(Extracted records)
----------------------------------------
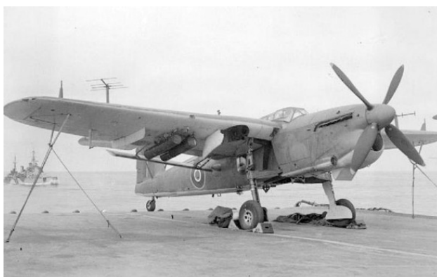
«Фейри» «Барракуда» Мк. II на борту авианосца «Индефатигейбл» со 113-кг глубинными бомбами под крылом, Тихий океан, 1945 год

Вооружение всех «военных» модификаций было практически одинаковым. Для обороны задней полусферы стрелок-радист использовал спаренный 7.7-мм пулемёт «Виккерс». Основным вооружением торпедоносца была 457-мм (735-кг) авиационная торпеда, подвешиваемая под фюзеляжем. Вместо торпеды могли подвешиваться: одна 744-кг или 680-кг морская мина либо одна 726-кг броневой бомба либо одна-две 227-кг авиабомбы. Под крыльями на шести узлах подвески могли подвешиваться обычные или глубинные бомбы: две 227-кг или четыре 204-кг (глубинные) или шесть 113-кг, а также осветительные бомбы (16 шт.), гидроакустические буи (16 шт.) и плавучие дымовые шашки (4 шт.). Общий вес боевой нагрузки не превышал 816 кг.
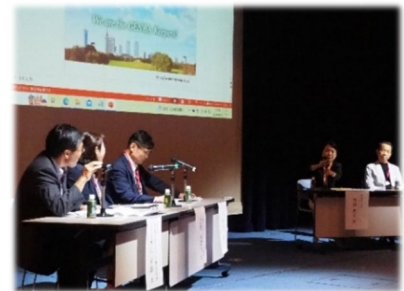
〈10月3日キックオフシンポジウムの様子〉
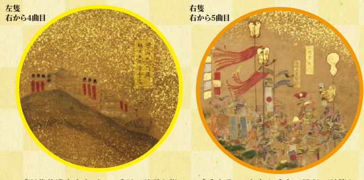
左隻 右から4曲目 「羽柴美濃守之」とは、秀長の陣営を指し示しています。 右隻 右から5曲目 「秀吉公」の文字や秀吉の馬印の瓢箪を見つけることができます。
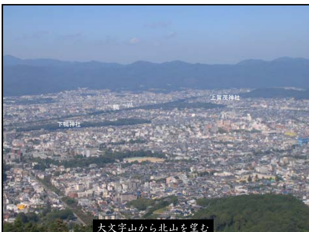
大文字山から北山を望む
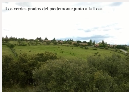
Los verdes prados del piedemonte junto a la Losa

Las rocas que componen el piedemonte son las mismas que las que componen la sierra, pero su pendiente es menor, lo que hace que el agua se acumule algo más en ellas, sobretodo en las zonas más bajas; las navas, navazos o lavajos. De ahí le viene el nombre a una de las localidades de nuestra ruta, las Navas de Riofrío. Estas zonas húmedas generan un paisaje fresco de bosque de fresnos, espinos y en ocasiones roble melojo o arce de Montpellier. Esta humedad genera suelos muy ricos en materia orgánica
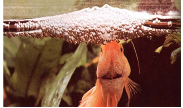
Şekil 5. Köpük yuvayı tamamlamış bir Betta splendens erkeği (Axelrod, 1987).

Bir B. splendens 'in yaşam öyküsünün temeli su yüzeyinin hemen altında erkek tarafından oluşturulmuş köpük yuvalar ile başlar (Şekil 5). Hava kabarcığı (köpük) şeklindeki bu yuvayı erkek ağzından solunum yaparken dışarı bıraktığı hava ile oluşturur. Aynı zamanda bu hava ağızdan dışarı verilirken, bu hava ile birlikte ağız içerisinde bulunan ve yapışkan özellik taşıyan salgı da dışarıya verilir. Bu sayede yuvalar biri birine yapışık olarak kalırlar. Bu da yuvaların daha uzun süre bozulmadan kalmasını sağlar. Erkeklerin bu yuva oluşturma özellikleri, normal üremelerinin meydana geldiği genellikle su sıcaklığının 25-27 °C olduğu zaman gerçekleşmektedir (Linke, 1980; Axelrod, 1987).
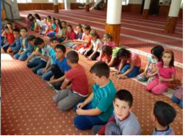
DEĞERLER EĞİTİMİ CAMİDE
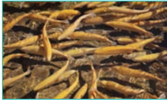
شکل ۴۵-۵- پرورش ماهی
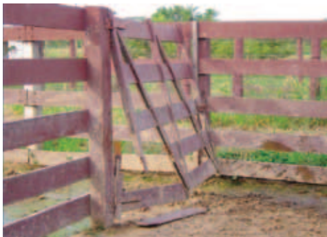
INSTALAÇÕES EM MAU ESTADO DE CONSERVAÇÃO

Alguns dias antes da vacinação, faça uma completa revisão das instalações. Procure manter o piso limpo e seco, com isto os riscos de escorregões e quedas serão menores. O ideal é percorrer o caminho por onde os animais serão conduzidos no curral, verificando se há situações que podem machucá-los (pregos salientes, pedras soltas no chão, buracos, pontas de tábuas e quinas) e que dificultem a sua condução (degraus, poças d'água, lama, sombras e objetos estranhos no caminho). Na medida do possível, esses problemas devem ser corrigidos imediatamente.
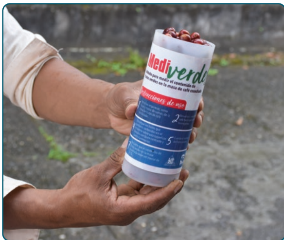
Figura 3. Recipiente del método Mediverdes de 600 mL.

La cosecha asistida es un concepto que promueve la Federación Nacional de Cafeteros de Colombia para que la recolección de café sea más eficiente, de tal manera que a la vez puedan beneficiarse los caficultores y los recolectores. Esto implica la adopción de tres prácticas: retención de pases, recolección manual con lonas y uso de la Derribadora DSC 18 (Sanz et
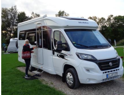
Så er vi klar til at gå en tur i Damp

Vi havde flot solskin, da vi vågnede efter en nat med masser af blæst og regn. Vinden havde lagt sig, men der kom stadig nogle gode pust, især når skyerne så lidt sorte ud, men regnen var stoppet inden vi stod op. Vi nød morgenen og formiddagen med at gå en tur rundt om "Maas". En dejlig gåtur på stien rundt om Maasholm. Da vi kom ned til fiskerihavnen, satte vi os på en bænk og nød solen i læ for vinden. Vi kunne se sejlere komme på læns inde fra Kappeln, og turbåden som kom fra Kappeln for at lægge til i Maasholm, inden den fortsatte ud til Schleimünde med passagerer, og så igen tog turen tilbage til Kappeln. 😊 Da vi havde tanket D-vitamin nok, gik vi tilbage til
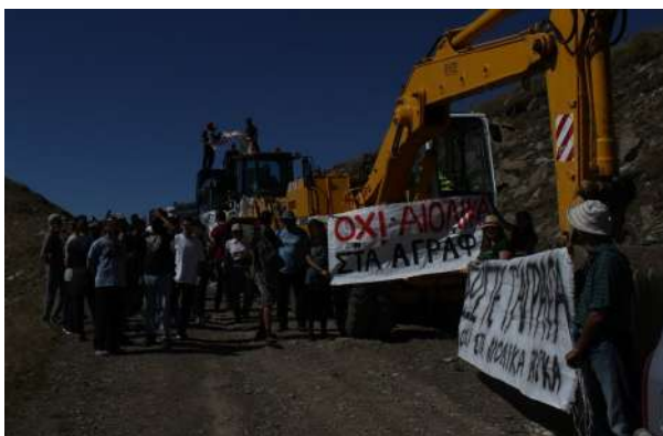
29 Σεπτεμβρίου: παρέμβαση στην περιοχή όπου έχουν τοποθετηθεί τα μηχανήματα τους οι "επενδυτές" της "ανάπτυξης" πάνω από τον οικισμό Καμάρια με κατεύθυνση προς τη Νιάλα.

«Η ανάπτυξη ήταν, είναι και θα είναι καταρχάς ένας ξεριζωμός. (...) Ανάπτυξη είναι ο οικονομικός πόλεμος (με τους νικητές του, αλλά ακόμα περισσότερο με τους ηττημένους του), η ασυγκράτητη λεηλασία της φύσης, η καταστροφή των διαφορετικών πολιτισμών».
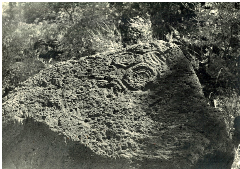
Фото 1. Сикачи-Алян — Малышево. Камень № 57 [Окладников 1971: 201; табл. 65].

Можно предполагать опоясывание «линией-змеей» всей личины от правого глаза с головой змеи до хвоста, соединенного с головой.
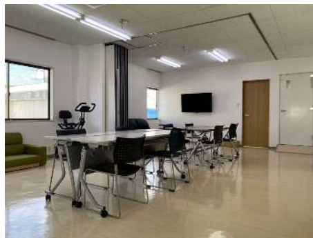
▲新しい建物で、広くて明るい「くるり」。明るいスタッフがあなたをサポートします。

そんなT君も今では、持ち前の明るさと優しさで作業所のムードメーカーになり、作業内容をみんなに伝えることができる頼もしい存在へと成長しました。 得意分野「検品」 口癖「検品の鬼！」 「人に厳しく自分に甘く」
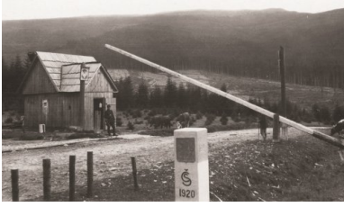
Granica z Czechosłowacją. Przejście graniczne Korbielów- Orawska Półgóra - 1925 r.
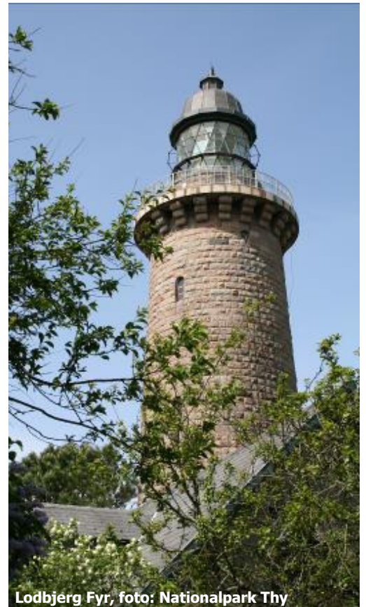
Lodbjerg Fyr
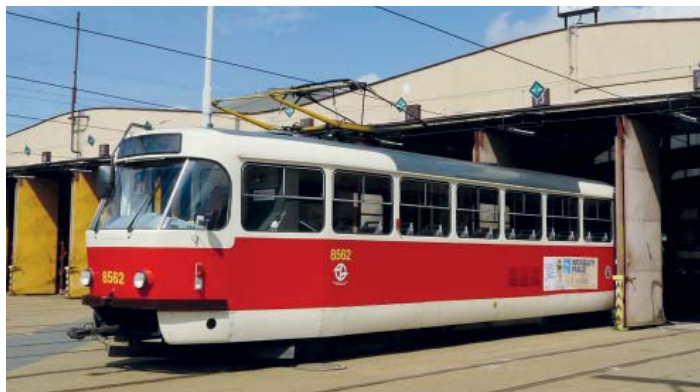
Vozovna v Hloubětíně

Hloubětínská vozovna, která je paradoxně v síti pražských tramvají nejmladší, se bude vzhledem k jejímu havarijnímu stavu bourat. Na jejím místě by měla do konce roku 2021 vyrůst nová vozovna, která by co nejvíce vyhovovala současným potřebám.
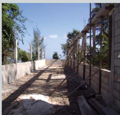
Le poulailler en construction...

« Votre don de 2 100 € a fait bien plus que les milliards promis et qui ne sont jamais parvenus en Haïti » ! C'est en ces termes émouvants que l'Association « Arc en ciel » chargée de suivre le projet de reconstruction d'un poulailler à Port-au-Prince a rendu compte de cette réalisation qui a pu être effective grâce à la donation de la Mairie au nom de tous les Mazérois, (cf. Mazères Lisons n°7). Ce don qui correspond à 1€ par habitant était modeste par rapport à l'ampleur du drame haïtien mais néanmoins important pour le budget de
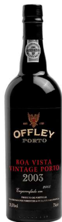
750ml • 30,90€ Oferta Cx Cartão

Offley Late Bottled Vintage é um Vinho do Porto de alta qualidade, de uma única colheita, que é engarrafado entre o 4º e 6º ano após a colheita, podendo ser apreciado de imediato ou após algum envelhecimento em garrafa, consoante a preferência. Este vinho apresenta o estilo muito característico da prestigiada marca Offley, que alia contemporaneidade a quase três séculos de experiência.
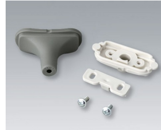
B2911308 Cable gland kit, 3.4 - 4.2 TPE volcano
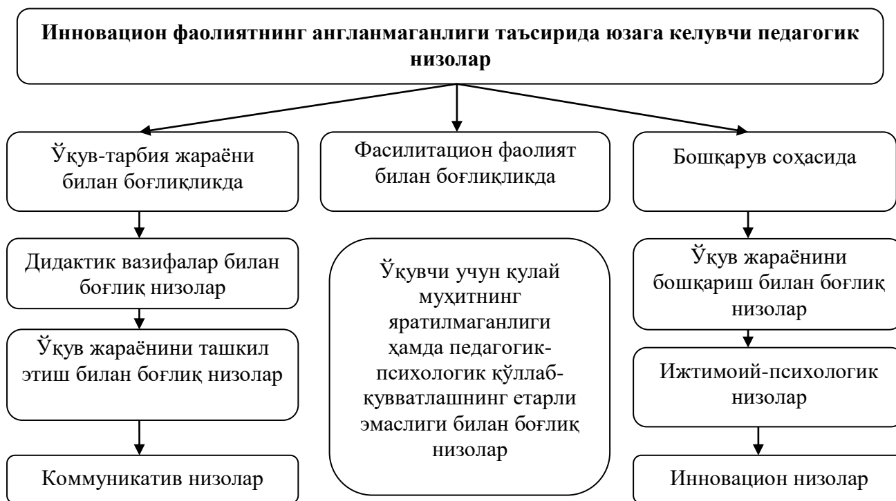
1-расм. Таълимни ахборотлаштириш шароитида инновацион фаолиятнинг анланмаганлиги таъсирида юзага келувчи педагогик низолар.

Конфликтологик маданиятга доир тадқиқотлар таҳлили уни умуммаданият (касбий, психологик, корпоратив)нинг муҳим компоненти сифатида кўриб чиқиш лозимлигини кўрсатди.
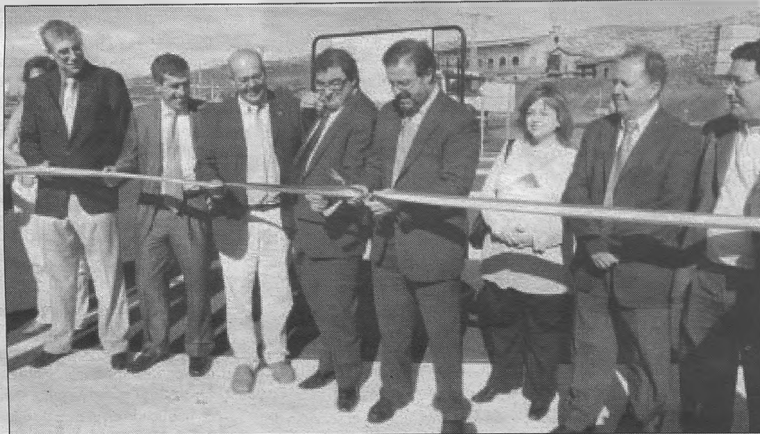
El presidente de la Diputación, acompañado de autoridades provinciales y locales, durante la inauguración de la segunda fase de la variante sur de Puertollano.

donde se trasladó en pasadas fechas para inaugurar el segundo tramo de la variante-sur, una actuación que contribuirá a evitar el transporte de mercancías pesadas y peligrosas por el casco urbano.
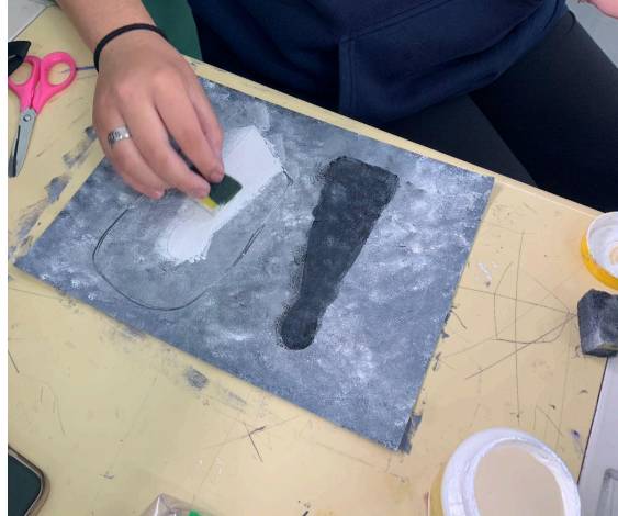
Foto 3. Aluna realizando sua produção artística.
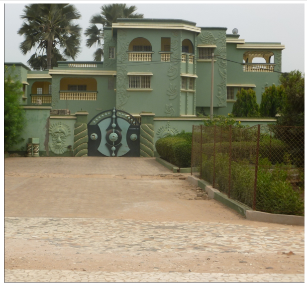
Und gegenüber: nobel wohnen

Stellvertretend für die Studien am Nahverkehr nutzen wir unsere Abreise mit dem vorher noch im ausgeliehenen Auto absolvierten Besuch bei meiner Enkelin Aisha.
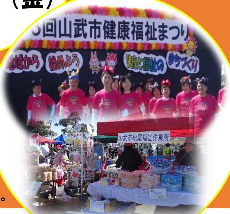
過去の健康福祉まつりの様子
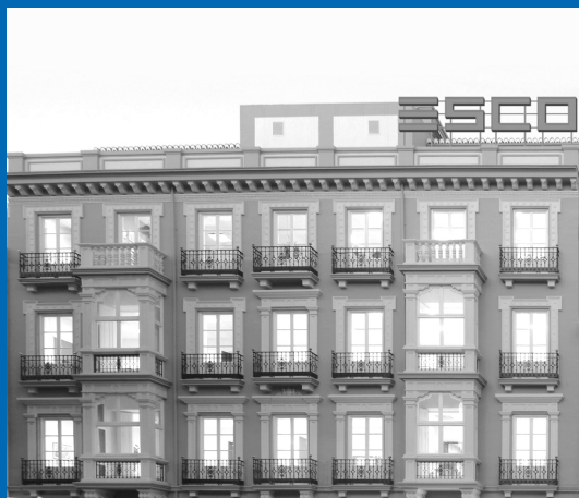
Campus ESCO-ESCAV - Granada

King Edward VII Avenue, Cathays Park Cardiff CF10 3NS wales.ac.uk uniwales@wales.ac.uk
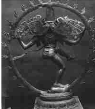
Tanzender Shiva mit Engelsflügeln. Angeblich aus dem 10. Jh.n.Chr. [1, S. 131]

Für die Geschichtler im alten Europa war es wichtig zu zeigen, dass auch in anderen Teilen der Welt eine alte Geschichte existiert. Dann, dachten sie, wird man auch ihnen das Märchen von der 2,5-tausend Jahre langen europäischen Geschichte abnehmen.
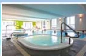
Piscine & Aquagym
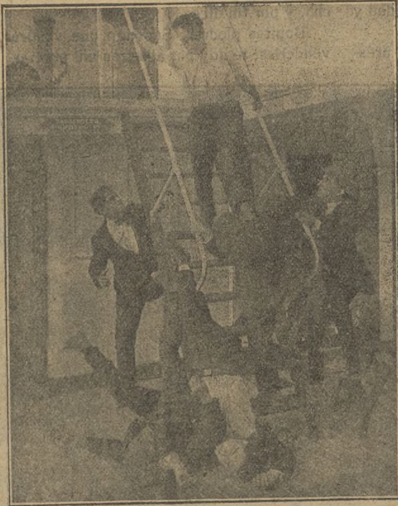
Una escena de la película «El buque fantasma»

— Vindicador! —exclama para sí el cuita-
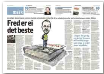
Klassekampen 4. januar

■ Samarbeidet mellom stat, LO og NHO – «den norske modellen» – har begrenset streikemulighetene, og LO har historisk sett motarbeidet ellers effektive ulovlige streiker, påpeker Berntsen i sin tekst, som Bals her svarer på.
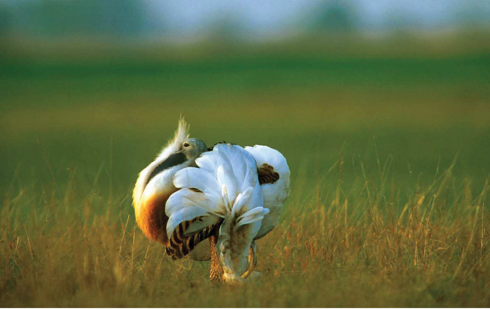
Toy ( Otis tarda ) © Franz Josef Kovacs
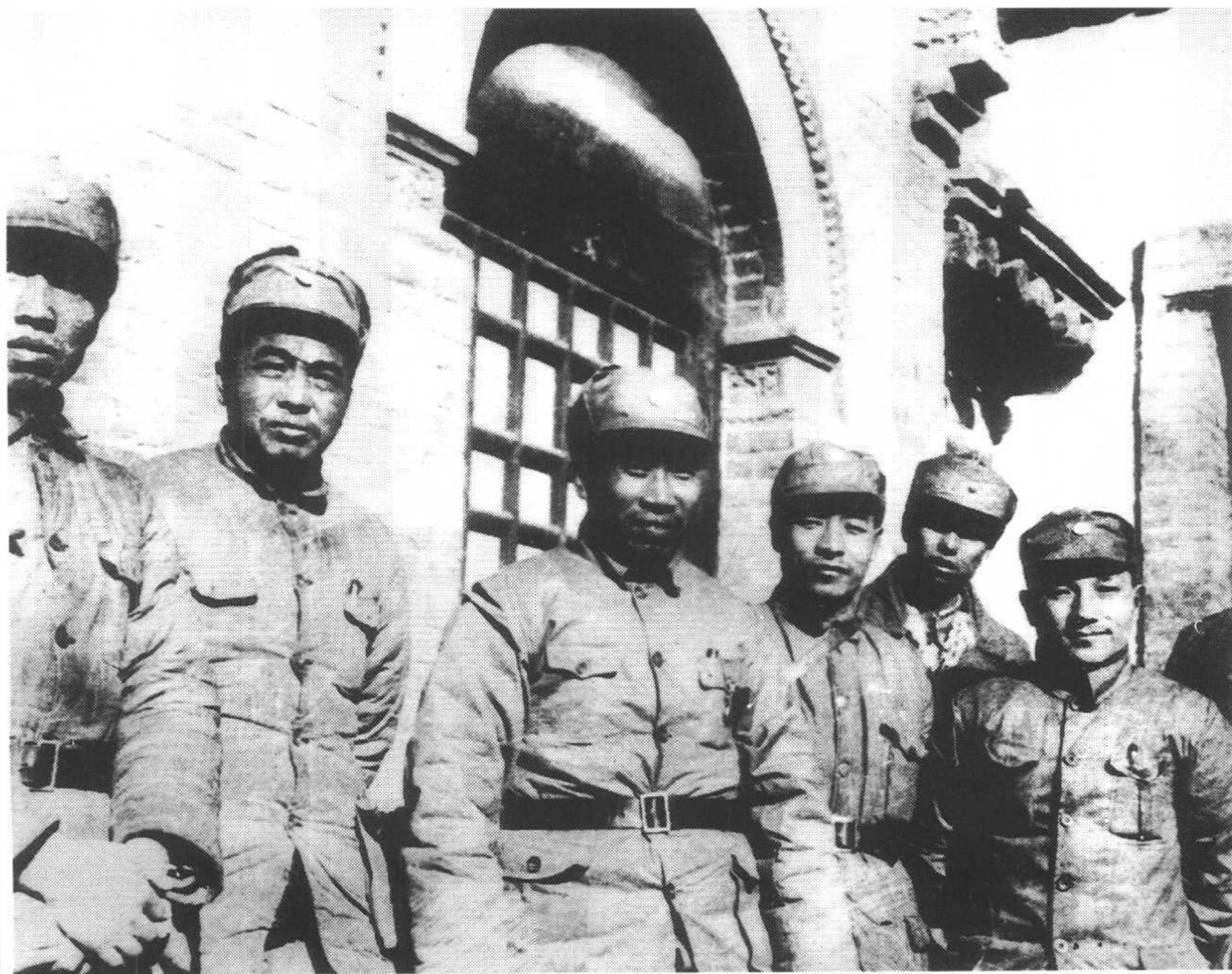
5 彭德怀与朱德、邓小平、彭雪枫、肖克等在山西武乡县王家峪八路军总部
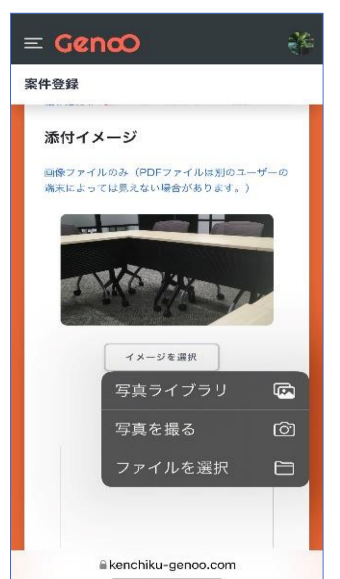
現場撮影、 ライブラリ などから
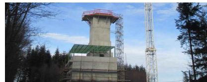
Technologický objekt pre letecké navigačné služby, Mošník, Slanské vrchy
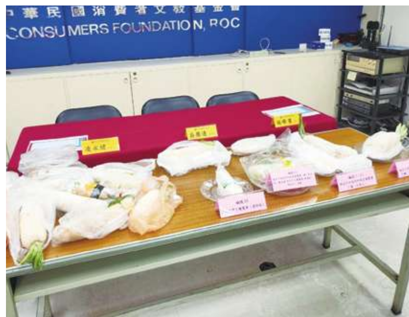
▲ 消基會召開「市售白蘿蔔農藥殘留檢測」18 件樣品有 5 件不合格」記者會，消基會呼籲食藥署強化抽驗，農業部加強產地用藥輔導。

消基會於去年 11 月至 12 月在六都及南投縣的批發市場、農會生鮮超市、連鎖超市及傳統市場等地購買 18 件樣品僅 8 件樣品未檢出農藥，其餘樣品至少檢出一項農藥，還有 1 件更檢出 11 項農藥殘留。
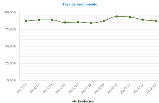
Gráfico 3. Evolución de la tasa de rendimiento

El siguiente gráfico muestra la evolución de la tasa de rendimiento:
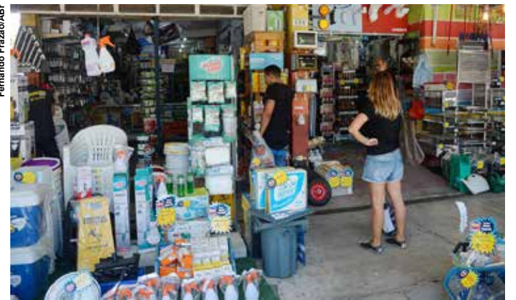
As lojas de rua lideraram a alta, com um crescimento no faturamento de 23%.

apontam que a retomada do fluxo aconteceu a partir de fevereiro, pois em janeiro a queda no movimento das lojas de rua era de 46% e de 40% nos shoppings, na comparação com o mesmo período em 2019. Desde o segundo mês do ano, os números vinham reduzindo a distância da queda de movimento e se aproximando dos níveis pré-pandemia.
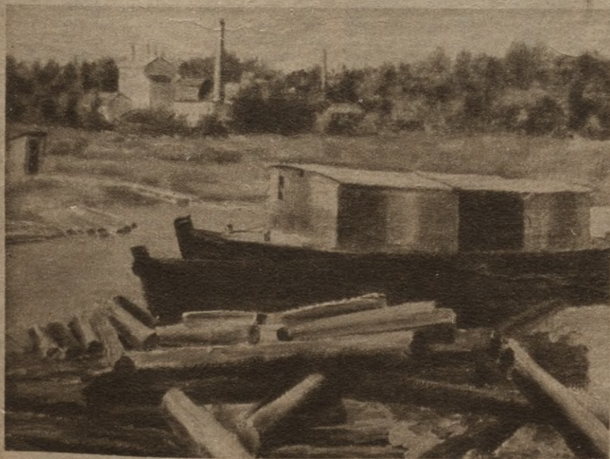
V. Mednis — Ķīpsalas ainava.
----------------------------------------
* [What is needed]: Look over the records above and filter for each line with the word "piedemonte".

* [Response for this exercise]:
Los verdes prados del piedemonte junto a la Losa
Las rocas que componen el piedemonte son las mismas que las que componen la sierra, pero su pendiente es menor, lo que hace que el agua se acumule algo más en ellas, sobretodo en las zonas más bajas; las navas, navazos o lavajos. De ahí le viene el nombre a una de las localidades de nuestra ruta, las Navas de Riofrío. Estas zonas húmedas generan un paisaje fresco de bosque de fresnos, espinos y en ocasiones roble melojo o arce de Montpellier. Esta humedad genera suelos muy ricos en materia orgánica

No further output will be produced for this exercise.